Getting AWS data into the Splunk platform

Introduction

This Splunk Validated Architecture (SVA) presents validated approaches for getting data from Amazon Web Services (AWS) resources into Splunk.

This Splunk Validated Architecture (SVA) presents validated approaches for getting data from Amazon Web Services (AWS) resources into Splunk. The topics covered in this SVA apply to Splunk Cloud Platform and Splunk Enterprise products. Where applicable, limitations of platform availability are noted.

AWS has a broad portfolio of services. The validated ingestion approaches described in this SVA address the most common services, but may not be exhaustive. This document presents multiple options for ingesting data from AWS sources and, in many cases, data sources may be eligible for ingestion through more than one method. Choosing the most appropriate method requires consideration for customer architecture, data sources, volume, and velocity.

General overview

An overview of getting data in on AWS.

There are two common approaches to ingesting data from AWS: push and pull. For the purpose of this document, push refers to sending the data from an AWS account to a Splunk endpoint and pull refers to a Splunk component querying the data from AWS using APIs. Each approach has its own strengths and weaknesses which are outlined below.

Push approach

The push approach typically uses Amazon Data Firehose.

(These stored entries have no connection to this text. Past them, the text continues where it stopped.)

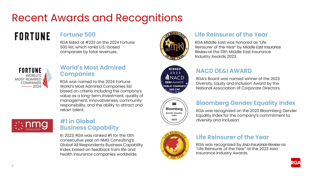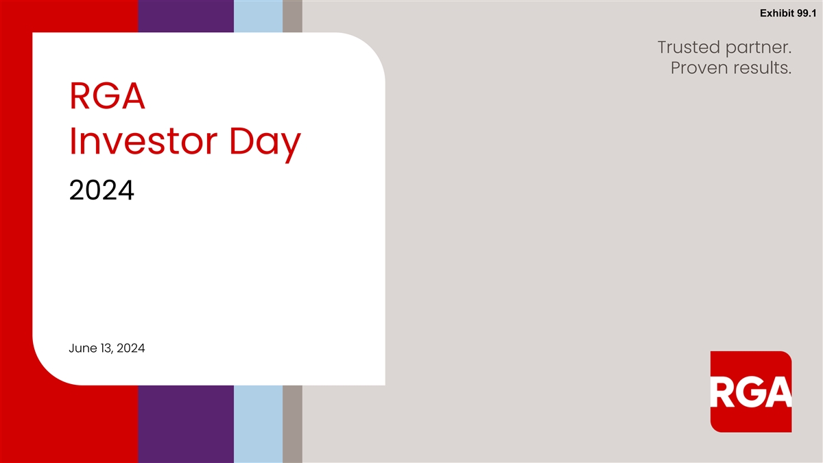 附件 99.1值得信赖的合作伙伴。证明的结果。2024年RGA投资者日2024年6月13日
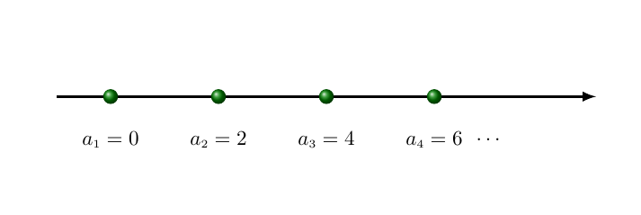 A sequência (0, 2, 4, 6, ...) é uma progressão aritmética cuja razão vale 2.
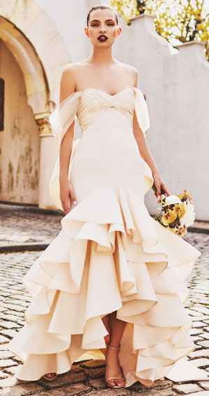 Johanna Ortiz just introduced her first-ever wedding dress collection, and we are drooling over them! You can clearly see the Colombian designer’s re-interpretation of her signature style: elegantly exaggerated ruffles. Amazing! Simply, amazing.
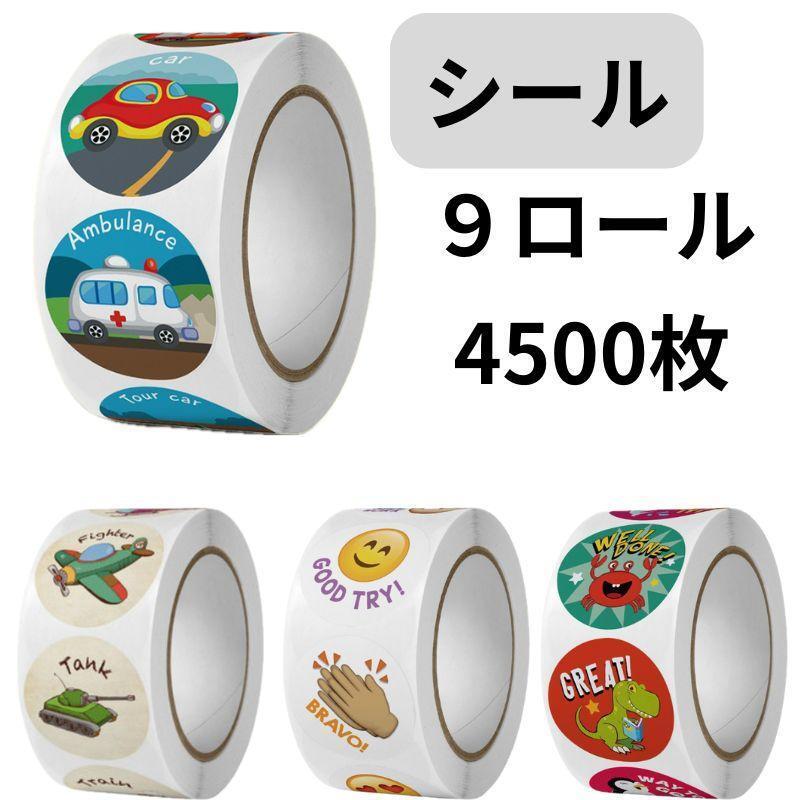 - シール 9種 4500枚 ラッピング ハンドメイド 手紙 サンキュー 乗り物 車 恐竜 動物 飛行機 子供 大量

The push approach typically uses Amazon Data Firehose to stream data to a Splunk HTTP Event Collector (HEC) endpoint. Many AWS services support either direct integration with Amazon Data Firehose or support integration with Amazon CloudWatch Logs. Amazon CloudWatch Logs then supports forwarding logs via Data Firehose by configuring subscriptions. In cases where Data Firehose integration is not possible, an alternative approach is to deploy a script, typically as a Lambda function, to pull the required data via the AWS API and then push the data to a Splunk HEC endpoint.

Benefits

Highly Scalable
Tight integration between AWS services
Lower latency data ingest than the pull approach
Supports HEC ACK (SCP)

Considerations/Limitations

Requires a publicly accessible HEC endpoint
Customer managed HEC endpoints must use a Public Certificate Authority issued SSL Certificate
Not all data sources support push based ingestion

Pull approach

The pull approach involves running scripts that query AWS for data using the AWS API.

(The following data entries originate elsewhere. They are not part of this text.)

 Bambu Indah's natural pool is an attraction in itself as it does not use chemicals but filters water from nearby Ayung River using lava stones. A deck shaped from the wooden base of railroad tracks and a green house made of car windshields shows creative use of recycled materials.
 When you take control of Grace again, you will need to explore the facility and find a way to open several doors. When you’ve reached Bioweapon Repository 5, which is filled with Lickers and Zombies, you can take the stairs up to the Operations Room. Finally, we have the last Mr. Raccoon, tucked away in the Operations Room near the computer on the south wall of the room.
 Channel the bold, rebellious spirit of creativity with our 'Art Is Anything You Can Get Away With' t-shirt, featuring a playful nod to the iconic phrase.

The pull approach involves running scripts that query AWS for data using the AWS API. These scripts are run either on an Inputs Data Manager (IDM) (Splunk Cloud - Classic Experience), search head (Splunk Cloud - Victoria Experience) or on one or more customer deployed heavy forwarders. For incremental data pulls, the best approach is to integrate the AWS service with SQS when available. The script can then consume messages from the SQS queue and run optimized queries via the API. For some services, a common use case is to send the logs to Amazon S3 and configure S3 to publish events to SQS. Other alternative approaches are to poll the API at specified time intervals or manually configure the query parameters for an ad-hoc data pull.

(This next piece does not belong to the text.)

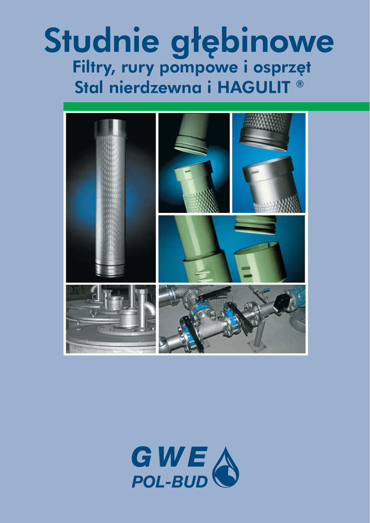 Studnie głębinowe Filtry, rury pompowe i osprzęt Stal nierdzewna i HAGULIT ® 1 Stal nierdzewna Stal nierdzewna jest odporna na korozję oraz temperaturę, spełnia wysokie wymagania mechaniczne oraz wykazuje odporność na działanie środków chemicznych. Stal nierdzewna jest idealnym surowcem do długotrwałego użytkowania w środowiskach agresywnych. Nawet stal nierdzewna może ulec korozji, jeśli powierzchnia nie była poddawana odpowiednim obróbkom lub też materiał nie był należycie dobrany do szczególnych warunków. Odpowiednia obróbka powierzchni gotowego produktu ze stali nierdzewnej nadaje mu potrzebne cechy odpornościowe. W naszej firmie obróbkę powierzchniową przeprowadzamy po wykonaniu wszystkich czynności produkcyjnych (formowaniu, cięciu, zgrzewaniu). Trawienie i pasywowanie wykonujemy we własnych warsztatach i częściowo u naszych partnerów stosujących najnowocześniejsze procesy. Dzięki temu możemy naszym klientom zagwarantować doskonałą jakość produktów ze stali nierdzewnej. Spełniamy wszelkie wymagane przy budowie studni kryteria jakościowe dotyczące stali nierdzewnej i chętnie udzielamy porad przy dokonywaniu wyboru gatunku i rodzaju materiału. Nowoczesne technologie oraz firmowy know-how gwarantują wysoką jakość naszych produktów. 2 HAGULIT ® Powłoka HAGULIT® jest wynikiem badań mających na celu spełnienie potrzeb nielimitowanego, wolnego od ograniczeń czasu użytkowania produktów stalowych wykorzystywanych w budowie studni. Proszek epoksydowy jako materiał na powłoki, opracowany został specjalnie dla nas. Nakładany jest w zaawansowanym technologicznie procesie powlekania fluidyzacyjnego, poddawanym ciągłej kontroli jakości na poziomie wszystkich parametrów. Gwarantuje to bezpieczeństwo użycia produkowanych przez nas materiałów do budowy studni. HAGULIT® charakteryzują następujące zalety użytkowania • wysoka twardość powłoki zapobiega uszkodzeniom mogącym wystąpić podczas transportu i podczas montażu • rozszerzona odporność termiczna umożliwia użytkowanie w przedziale od -30°C do +50°C • długi okres trwałości; odporność na środki używane w procesach dezynfekcji i regeneracji. Jakość HAGULIT® wynika z właściwości i udanego połączenia materiałów powłoki (proszku epoksydowego) i wstępnie przygotowanego do powlekania produktu. • minimalna wartość przenikania tlenu przez powłokę • znaczna odporność powłoki wynikająca ze starannej obróbki za pomocą śrutowania • brak infiltracji powłoki w wypadku korozji Połączenia Zatyczkowy system łączenia j (ZSM, HAGUESTA®, HAGUDOSTA®) skraca do minimum czas montażu filtrów, rur pełnych i rur pompowych Zaskakująco łatwe łączenia rur HAGULIT® i rur ze stali nierdzewnej jest wyjaśnieniem istoty systemu: bezproblemowe połączenie muf i czopów oraz późniejsze wsuwanie zatyczek gwarantuje szczelność połączenia. W celu oszczędności czasu bardzo korzystne jest stosowanie tego typu połączeń zwłaszcza na większych głębokościach. Jako alternatywę dla połączeń zatyczkowych można wybrać połączenia z gwintami rurowymi lub połączeniami kołnierzowymi wg DIN 4922 Użycie rur pompowych z połączeniami zatyczkowymi przynosi wymierne korzyści dzięki znacznej oszczędności czasu na prace montażowe. Obok połączeń zatyczkowych oferujemy rury pompowe z gwintem trójkątnym lub połączeniami kołnierzowymi zgodnymi z normami DIN. Dla szczególnych zastosowań produkujemy rury pompowe z powłoką HAGUTERM z twardej gumy Rury pompowe z połączeniami kołnierzowymi Rury pompowe ze stali nierdzewnej trawionej i pasywowanej wg DIN 4927 Rury pompowe z połączeniem kołnierzowym wg DIN 4927, kołnierze spawane DIN 2633, PN16, z dwoma wycięciami na kabel. Średnica nominalna DN 50 65 80 100 125 150 Grubość ścianki (mm) S 2,0 2,0 2,6 2,9 2,9 3,2 4,0 Średnica zewnętrzna rury d1 60,3 76,1 88,9 114,3 139,7 168,3 219,1 Średnica zewn. kołnierza D 165 185 200 220 250 285 340 Średnica podziałowa k 125 145 160 180 210 240 295 L = 1,0 m 8,6 10,3 14,1 18,1 23,0 30,0 44,8 66,2 Waga rury (kg) 200 L = 2,0 m 11,5 14,0 19,7 26,0 32,8 42,8 L = 3,0 m 14,4 17,6 25,1 34,0 42,5 56,0 87,7 L = 4,0 m 20,6 21,3 30,7 42,0 52,3 69,0 109,1 L = 5,0 m 23,5 24,9 36,2 50,0 62,1 82,0 130,5 L = 6,0 m 26,4 28,5 41,8 57,9 71,9 95,0 152,0 L= efektywna długość rury Rury pompowe z powłoką HAGULIT® wg DIN 4927 Rury pompowe wg VDI 2538, grubość powłoki ochronnej 0,3 – 0,5 mm DN 50 65 80 100 125 150 200 250 Grubość ścianki (mm) S 2,3 2,6 2,9 3,2 3,6 4,0 4,5 5,0 Średnica zewnętrzna rury d1 D k 60,3 165 125 76,1 185 145 88,9 200 160 114,3 220 180 139,7 250 210 168,3 285 240 219,1 340 295 273 405 355 Średnica zewn. kołnierza Średnica podziałowa Waga rury (kg) L = 1,0 m 8 11 13 18 24 31 44 61 L = 2,0 m 12 16 20 27 37 48 69 95 L = 3,0 m 15 21 26 36 49 65 93 129 L = 4,0 m 19 26 33 45 62 82 118 164 L = 5,0 m 23 31 40 55 75 99 143 198 L= efektywna długość rury Długość instalacyjna L Średnica nominalna S Ø d1 Rury pompowe ze stali ocynkowanej ogniowo wg DIN 4927 Rury pompowe z połączeniem kołnierzowym wg DIN 4927, kołnierze spawane DIN 2633, PN 16, z dwoma wycięciami na kabel. Średnica nominalna ØD DN 50 65 80 100 125 150 200 Grubość ścianki (mm) S 2,0 2,0 2,6 2,9 2,9 3,2 4,0 Średnica zewnętrzna rury d1 60,3 76,1 88,9 114,3 139,7 168,3 219,1 Średnica zewn. kołnierza D 165 185 200 220 250 285 340 Średnica podziałowa k 125 145 160 180 210 240 295 L = 1,0 m 8,6 10,3 14,1 18,1 23,0 30,0 44,8 66,2 Waga rury (kg) L = 2,0 m 11,5 14,0 19,7 26,0 32,8 42,8 L = 3,0 m 14,4 17,6 25,1 34,0 42,5 56,0 87,7 L = 4,0 m 20,6 21,3 30,7 42,0 52,3 69,0 109,1 L = 5,0 m 23,5 24,9 36,2 50,0 62,1 82,0 130,5 L = 6,0 m 26,4 28,5 41,8 57,9 71,9 95,0 152,0 Średnica podziałowa k L= efektywna długość rury 3 Rury pompowe z połączeniami zatyczkowymi ØD Rury pompowe ze stali nierdzewnej(1.4301, 1.4541, 1.4571) trawione i

Similar to the push method, Splunk also provides two solutions to assist with the pull approach. The Splunk Add-on for AWS provides the same data processing for CIM compliance but also provides easily configurable scripts to pull the data from the most common AWS sources. Data Manager provides some of these configurable scripts as well to support use cases where pull is the preferred approach or the push approach is not available. More information on both of these solutions can be found in the following sections of this document.

Benefits

Capable of utilizing private networks or VPC endpoints to retrieve data
Supports bulk/replay scenarios in addition to incremental pulls

Considerations/Limitations

Pull approach uses scheduled data retrievals which introduces ingestion latency
Can generate an uncontrolled influx of events, which may overwhelm Splunk hosts and negatively impact data ingestion and indexing performance causing indexing pipelines and queues to block

Architecture considerations

Diagram showing AWS getting data in architecture considerations.

Data Manager

The Data Manager configures data ingestion from a wide range of sources.

Data Manager allows administrators to automatically configure best practice data ingestion from a wide range of sources across multiple platforms. For AWS specifically, it allows customers to configure multiple data inputs at once and then automatically generates the CloudFormation templates for efficient and consistent deployments in their AWS accounts. It is currently only available on Splunk Cloud running on AWS and is supported in all commercial regions.

Data Manager uses the best-practice approach for data inputs. Customers only need to complete some simple configuration and Data Manager will automatically generate CloudFormation templates and provide instructions to deploy everything needed to create the data pipeline.

You can configure the inputs for one or more accounts at the same time. Data Manager also supports deploying to Organizational Units (OUs) in AWS Organizations. This provides an efficient way to configure data ingestion across an entire organization and can save customers significant time and effort.

Data Manager allows you to create and monitor your inputs via the UI in Splunk Web. The status and health metrics for each input are automatically captured and displayed both in the list of inputs on the Data Manager home page as well as with the pre-configured dashboards.

Benefits

Data manager service offers highly scalable, highly available, and low latency ingestion of data from pull based data sources
Data manager service does not consume compute (svc) resources for data pull operations.(Not inclusive of parsing/transformation)
Guided configuration reduces level of effort to configure data ingestion
Applies Splunk best practice (push/pull) ingestion methods
Built in dashboards provide insights into ingestion input health

Limitations

Only available in Splunk Cloud environments on AWS in supported regions
Not all data sources are supported by Data Manager

Technology add-on enabled pull architectures

The Splunk Add-on for AWS provides a way to collect data from AWS.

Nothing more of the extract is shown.